The Atlantic: The Tricksters of Afghanistan’s New Online-Dating Scene

Nasirahmad’s new friend, it turned out, wasn’t an aunt or a cousin but a stranger—and a male one at that. As she soon learned, many young Afghan men and women from cities and villages alike have begun using Facebook to skirt strict social rules governing interaction between the sexes. In fact, posing as a member of the opposite sex online has become a popular pastime. In the months following that first request, Nasirahmad received many other friend requests from fake females (a disproportionate number of whom, oddly enough, had profiles bearing Turkish soap-opera stars’ pictures).
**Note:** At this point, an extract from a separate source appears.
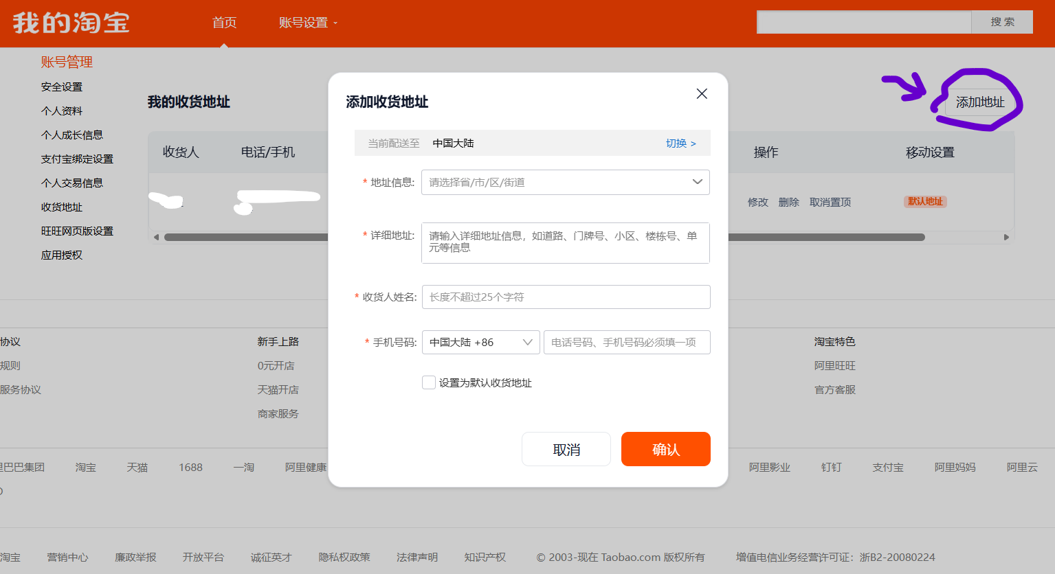 3. 타오바오 배송대행지 입력 방법

Until recently, dating was almost nonexistent in Afghanistan, because of religious and cultural norms that prohibit relationships before marriage. Communication was difficult too: During Taliban rule, people had to cross the border into Pakistan to make an international phone call (domestic calls weren’t easy either). Today, with the arrival of cheap smartphones and affordable mobile internet—about 90 percent of Afghanistan’s population has access to a cellphone—even the poorest people can get on Facebook. Although premarital relationships are still taboo, social media have provided the younger generation with a covert means of online dating. [...]

Maryam Mehtar, an Afghan journalist, told me she has received so many friend requests from fake female profiles on Facebook that she’s lost count—and some are from people whose intentions are anything but amorous. Once, she accepted a request from a female user with whom she had many mutual Facebook friends, most of them relatives. “I thought I knew her,” she says. “Everything she asked me, I usually honestly answered.” Later, she found out from friends that the profile belonged to a man who tried to collect private information and photos from women and then use it to blackmail them.